→ What to produce
Please repeat nothing except the lines from the one containing "3/27新作!ダークガーリーレースアップブラジャー&Tバックショーツ[激売れ]" through the end of the records, exactly and without pictures.

Collected data entries:
────────────────────
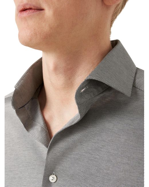 Eton's cotton jersey shirt is styled with a spread collar, button cuffs, and a button-front closure. Spread collar Long sleeves, button cuffs Shirttail hem Button-front closure 100% cotton Machine wash Imported SIZE & FIT Contemporary fit Model measurements: 6'2" tall, 40" chest, 31" waist Model is wearing a US size 40 ABOUT THE BRAND The Italian fashion house renowned for its eclectic prints and signature paisley motif has been a family-run business since its inception in 1968. Creative Director Marco de Vincenzo continues the brand's legacy with the rich textiles and patterns still used in its clothing, accessories and home décor. Men Luxury Coll - Eton > Eton > Saks Fifth Avenue > Barneys. Eton. Color: Grey. Size: 15.
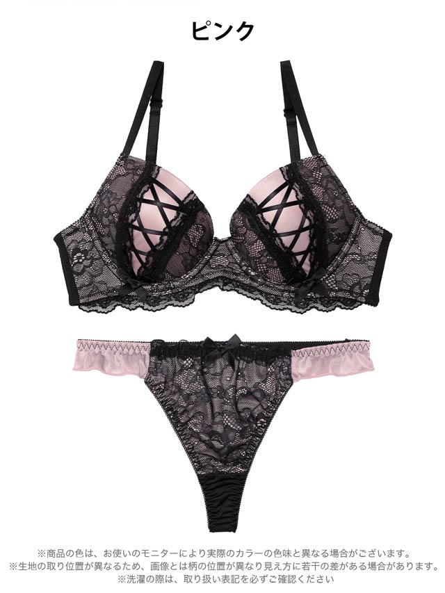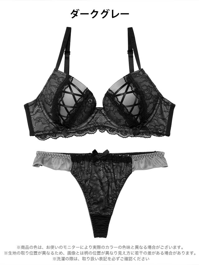 3/27新作!ダークガーリーレースアップブラジャー&Tバックショーツ[激売れ]
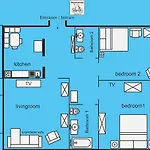 Διαμέρισμα των 80 τ. Μ. Διαθέτει προσωπική θυρίδα ασφαλείας, καναπέ και παροχές τσάι/καφέ σε κάθε δωμάτιο. Υπάρχουν 2 υπνοδωμάτια με πουπουλένια μαξιλάρια και γεμάτα μαξιλάρια. Για την άνεση σας σάς παρέχουν ξεχωριστή τουαλέτα και ντους σε κάθε μπάνιο.
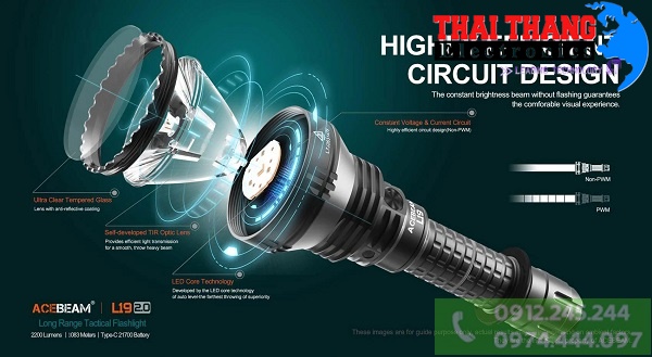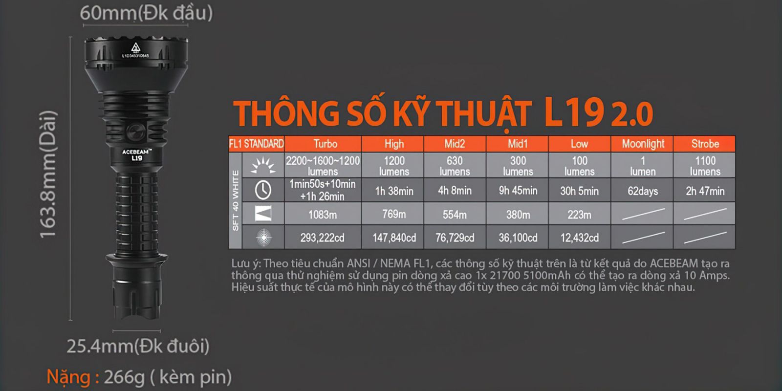 Tính năng đèn pin chiến thuật siêu sáng Acebeam L19 2.0:
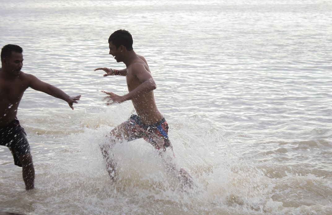 Water is Life.... You can find the life of Riverside people of India.... They Play in River....River is Mother for them....
────────────────────
→ Response box
 3/27新作!ダークガーリーレースアップブラジャー&Tバックショーツ[激売れ]
 Διαμέρισμα των 80 τ. Μ. Διαθέτει προσωπική θυρίδα ασφαλείας, καναπέ και παροχές τσάι/καφέ σε κάθε δωμάτιο. Υπάρχουν 2 υπνοδωμάτια με πουπουλένια μαξιλάρια και γεμάτα μαξιλάρια. Για την άνεση σας σάς παρέχουν ξεχωριστή τουαλέτα και ντους σε κάθε μπάνιο.
 Tính năng đèn pin chiến thuật siêu sáng Acebeam L19 2.0:
 Water is Life.... You can find the life of Riverside people of India.... They Play in River....River is Mother for them....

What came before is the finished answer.